What about the people who have been here for some time, worked hard, cared for family, remained faithful to the laws of the land (other than their illegal status, of course), and have begun to raise children in this state? Were these individuals so terrible that we had to suddenly throw them out of the state as if they were not human? Why didn't we try to solve the problem before we decided to treat them as something less than human beings? We have known they were here for years, yet we did nothing positively proactive to address the long-standing issue.

The counter argument I can hear rising up from some is simply that they broke the law and they are to be punished. You mean, like the people who are legal residents and break the law, yet they never pay any price for those laws broken? These immigrants may be here illegally, but unless they have criminal backgrounds or commit crimes while in the state, what other violations have they committed?

Before we condemn them, I would have hoped that Alabama would have taken this opportunity to lead from a humanitarian perspective.

Until the federal government undertakes a serious immigration reform, illegal immigration will continue to be a problem. It will take creative leadership and courage to initiate a process to help those in our state illegally move towards becoming productive citizens, not just formerly productive illegal immigrants who lived in Alabama.

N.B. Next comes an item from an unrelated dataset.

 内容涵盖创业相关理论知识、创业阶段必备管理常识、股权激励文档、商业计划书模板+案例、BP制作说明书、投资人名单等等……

We as a nation condemn other nations when they experience conflicts in which one group of people try to rid themselves of others not like them for whatever reasons. I don't advocate reckless abandonment of immigration policies or laws; however, Washington's only solution is to sue a state it thinks has overstepped its authority. If Washington would create a responsive and responsible immigration reform process, maybe Alabama would not have to resort to such a law as to make it intolerable for these immigrants (yes, illegal immigrants) to flee the state.

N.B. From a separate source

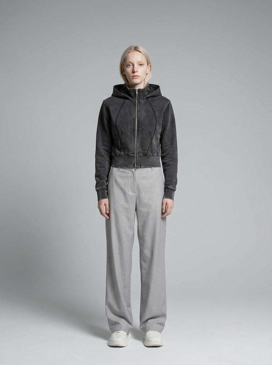 NWRLD 003 / Vintage Washed Cropped Fleece Hoodie delivers refined casualwear through intentional proportioning and fabric treatment. The vintage wash imparts an authentically lived-in aesthetic that resists appearing contrived or overly processed. Strategic cropping creates a modern silhouette that works across diverse body types and styling approaches, from high-waisted pairing to layered compositions. Premium fleece construction maintains softness and insulation properties whilst the washing process enhances fabric character without compromising structural integrity. A considered piece for those who appreciate garments that balance nostalgic appeal with contemporary design sensibility, offering genuine versatility beyond trend cycles.
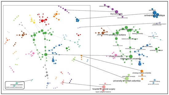Collaboration network of the organizations based on the selected 1215 documents using the bibliometrix package (parameters: Walktrap clustering algorithm). For visualization reasons, the maximal number of nodes was limited to 200. Exemplary subnetworks are also presented, zoomed in with the names of exemplary organizations for visualization reasons.

These are human beings who are trying to make a better future for themselves and their families. Until our leaders in Washington design a viable and lasting solution to our border security and a regulated legal immigration system, creating anti-illegal laws in Alabama will only cause the illegals to move from place-to-place.

We in Alabama might have a different view if we were the people being displaced. There are solutions to this problem that should have been sought before we used our laws to pit humanity against humanity. There is a major difference in being here illegally to survive as compared to those who are here illegally to commit crimes. Surely Alabama is smart enough to know the difference and weed out the criminals.

Alabama is worthy of a humanitarian effort to have helped these people become productive taxpaying citizens and neighbors.

Ken Scott of Montgomery has been a resident of Alabama for 26 years.